Stored items:
-*-*-

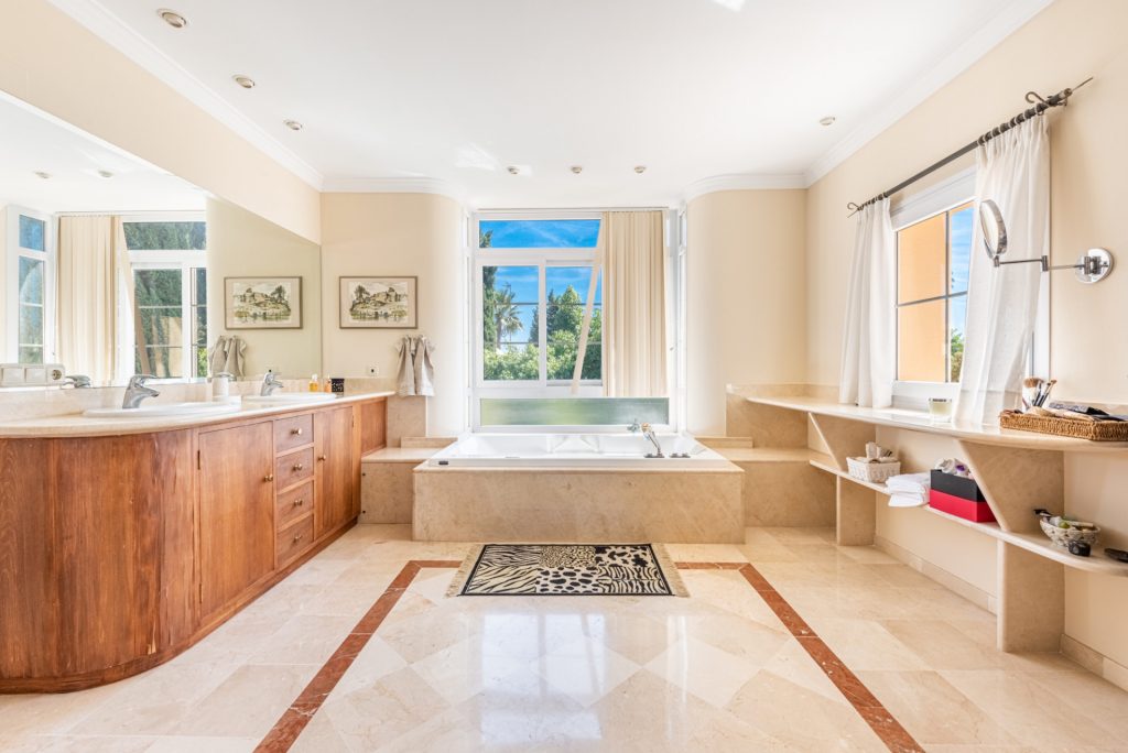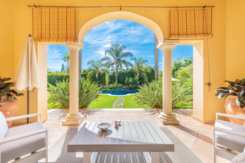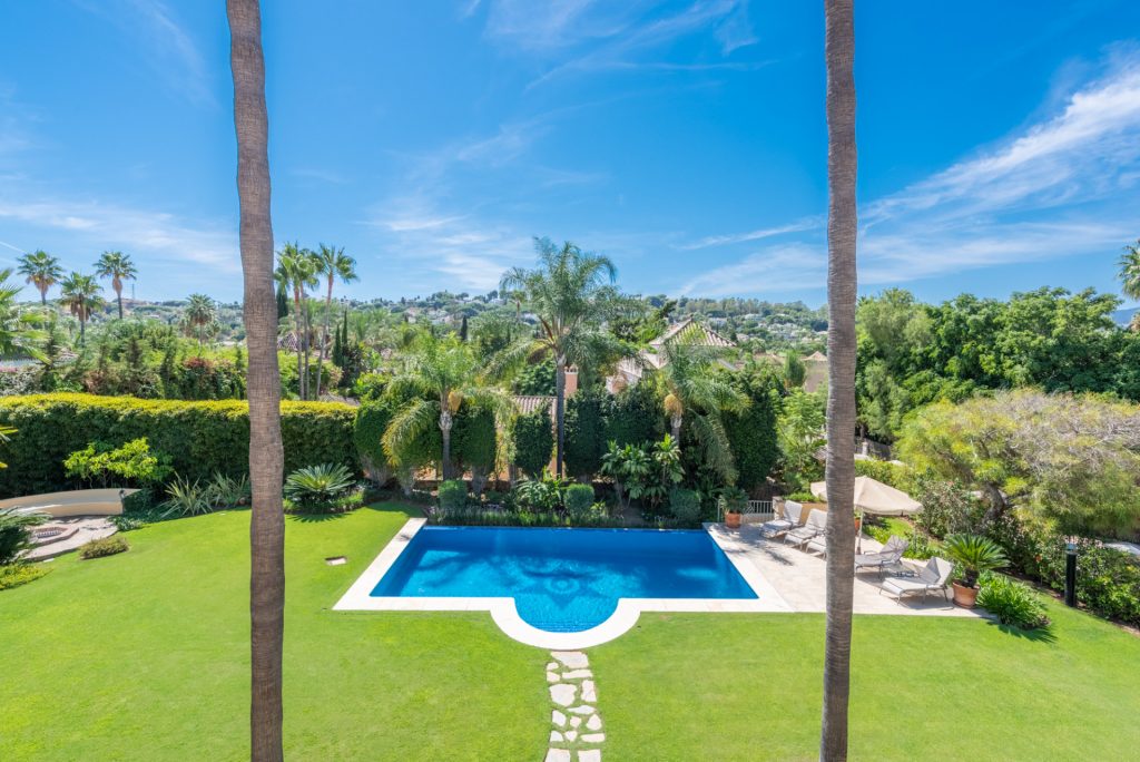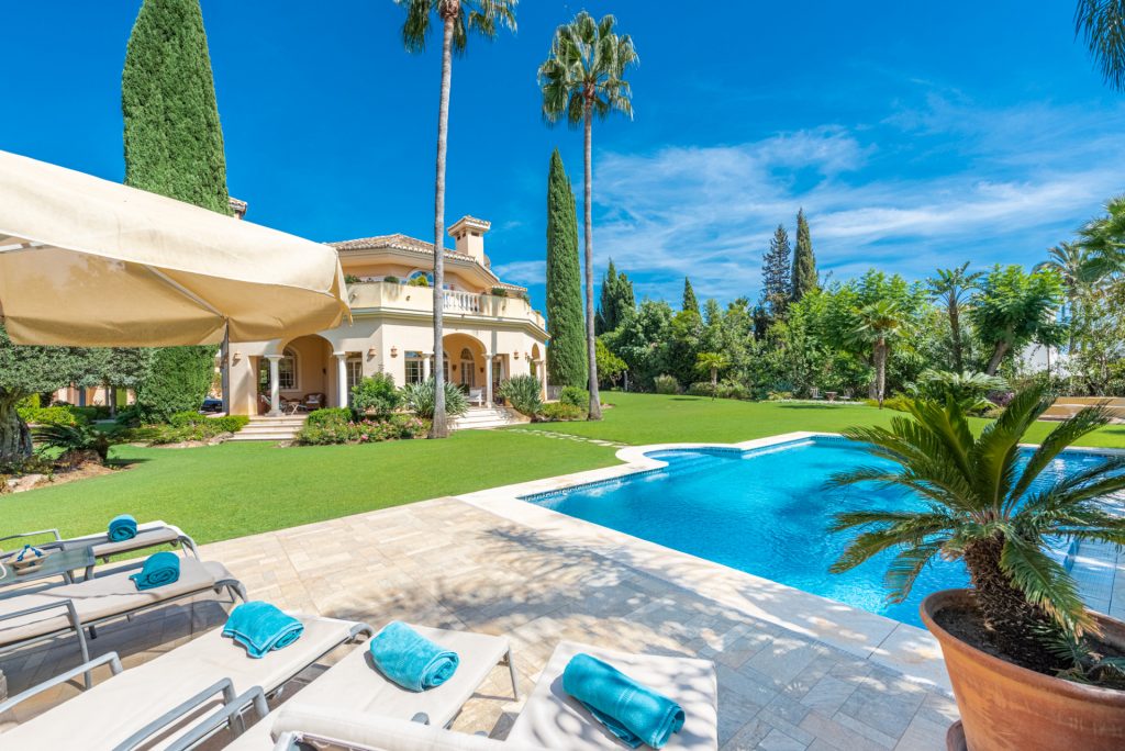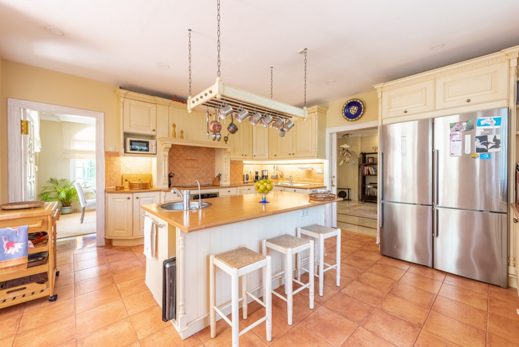 Mansión tradicional y atemporal con toques modernos de estilo escandinavo. 5 dormitorios 4 salas de baños Esta encantadora Villa es ideal como residencia habitual o para disfrutar de unas vacaciones inolvidables en cualquier época del año. Nada más a entrar que nos encuéntranos en el amplio recibidor con vistas directas al salón comedor y al impresionante jardín.
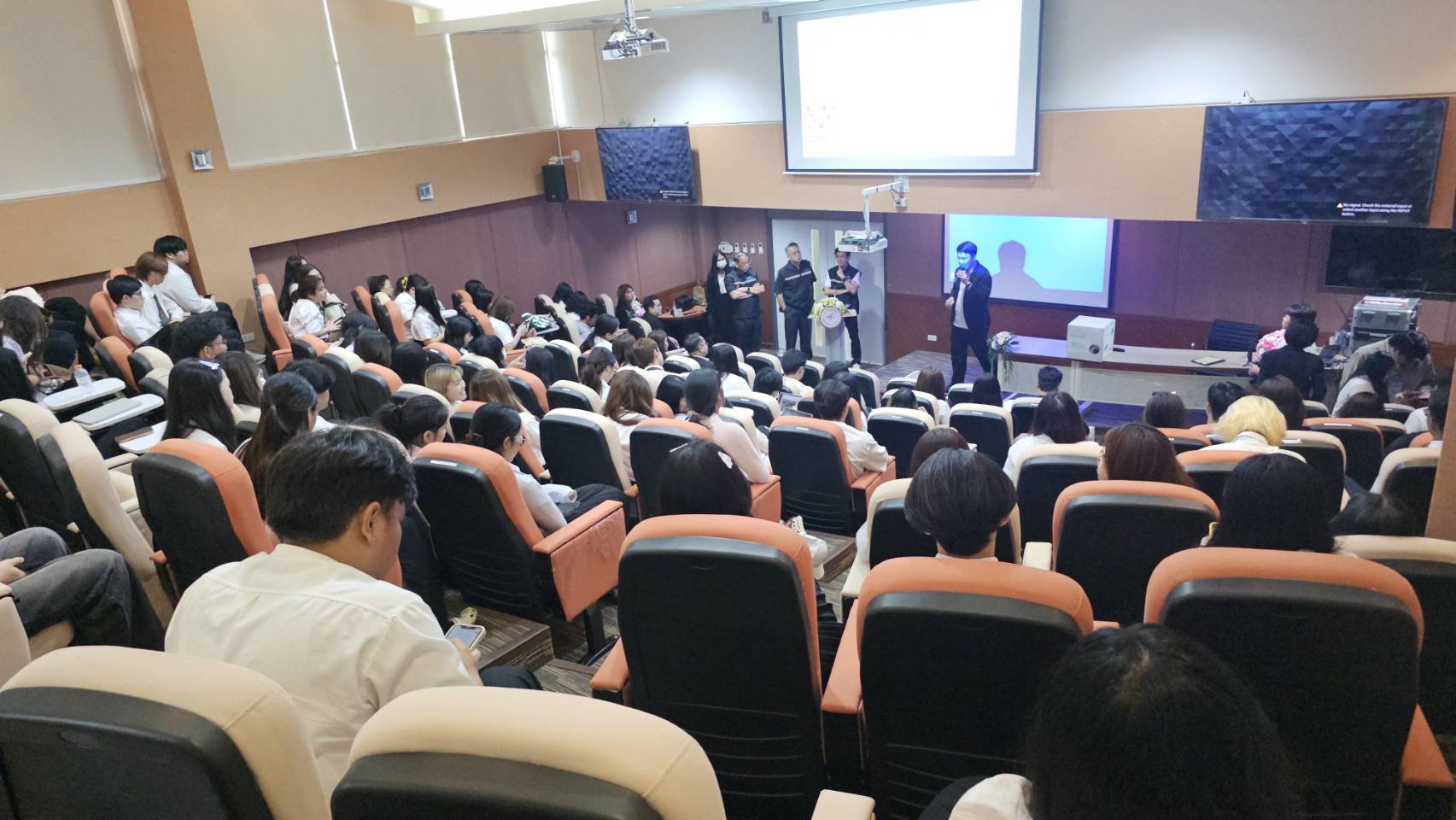เช้านี้มาแลกเปลี่ยนเรียนรู้เรื่อง อากาศสะอาด:สิทธิพื้นฐานของทุกคน ที่ มศว ประสานมิตร ตื่นเต้นกับ มศว ที่เปลี่ยนไป นักศึกษา กลุ่มจิตอาสา ตื่นตัว คุยกับ นศที่มากันแต่เช้า เป็น ปี 1 / 2 / 3 คนจัดเป็น ปี 2 ทุกคนใส่ใจ สนใจ อยากมาเพราะ คิด และเชื่อว่า เรื่องอากาศเป็นเรื่องของทุกคน ..สนใจมากันเต็มห้อง จริงๆ นั่งรอก่อนเริ่มงาน จากคณะวิทย์ สังคม ธุรกิจ …. ประทับใจในความกระตือรือล้นของ นศ มศวทประสานมิตร มาก ได้โอกาส กราบ อนุสาวรีย์ มล ปิ่น มาลากุล ปูชนียบึคคลด้านการศึกษาประเทศไทย
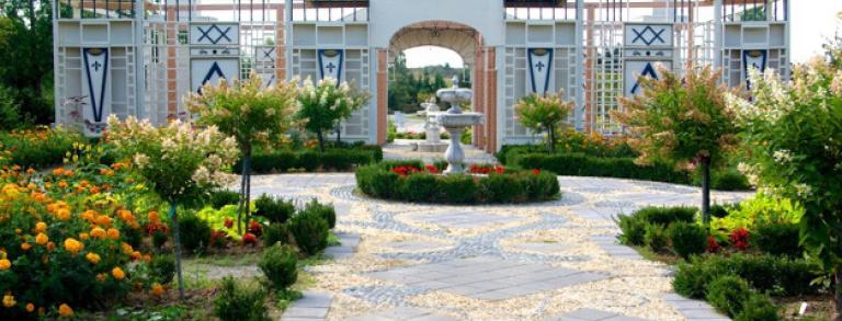 The Temple Garden has a classical design with the use of circles and squares. A wrought iron dome, on pillars 10 feet (3 m) high is surrounded by four fountains. There are floral displays and statues completing this garden.
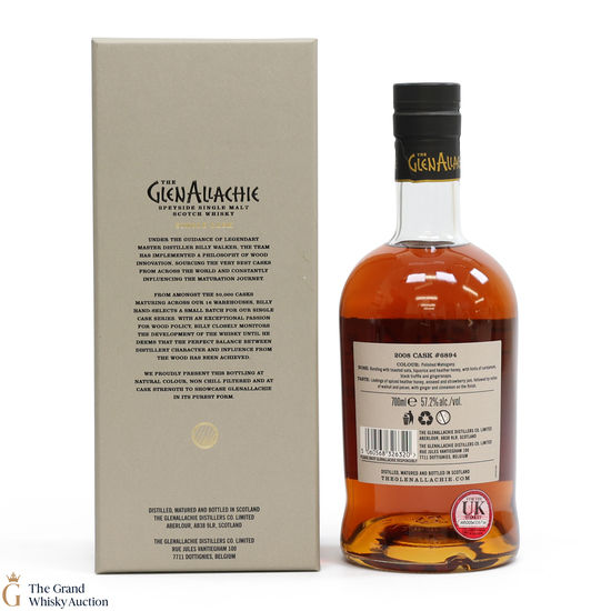 Glenallachie cask #6894 was filled in 2008 and matured for 14 years in a Chinquapin Barrel before being bottled in 2023.
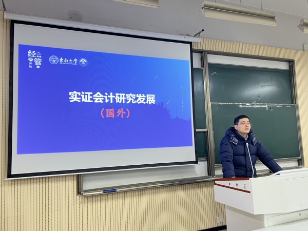论坛的开始,王亮亮首先对国内外实证会计研究发展进行了回顾与扩展,以“心理学与会计”为出发点,向同学们介绍了“交叉学科研究”这一会计领域热点,扩展同学们的研究思维,鼓励同学们成长为复合型人才。王亮亮结合自己的个人经验嘱咐同学们,随着会计研究的深入,对于会计实证研究从一开始的无从下手,到后来的学有所成,同时也介绍了研究的理论基础及常用软件,激励同学们要在实证会计研究迎难而上,坚持下去。

-*-*-

Exercise brief:
Extract the run of lines beginning with the line that holds "Glenallachie cask #6894" and ending at the last line of the data, inclusive. Exclude any pictures from the copy.

Result of this task:
 Glenallachie cask #6894 was filled in 2008 and matured for 14 years in a Chinquapin Barrel before being bottled in 2023.
论坛的开始,王亮亮首先对国内外实证会计研究发展进行了回顾与扩展,以“心理学与会计”为出发点,向同学们介绍了“交叉学科研究”这一会计领域热点,扩展同学们的研究思维,鼓励同学们成长为复合型人才。王亮亮结合自己的个人经验嘱咐同学们,随着会计研究的深入,对于会计实证研究从一开始的无从下手,到后来的学有所成,同时也介绍了研究的理论基础及常用软件,激励同学们要在实证会计研究迎难而上,坚持下去。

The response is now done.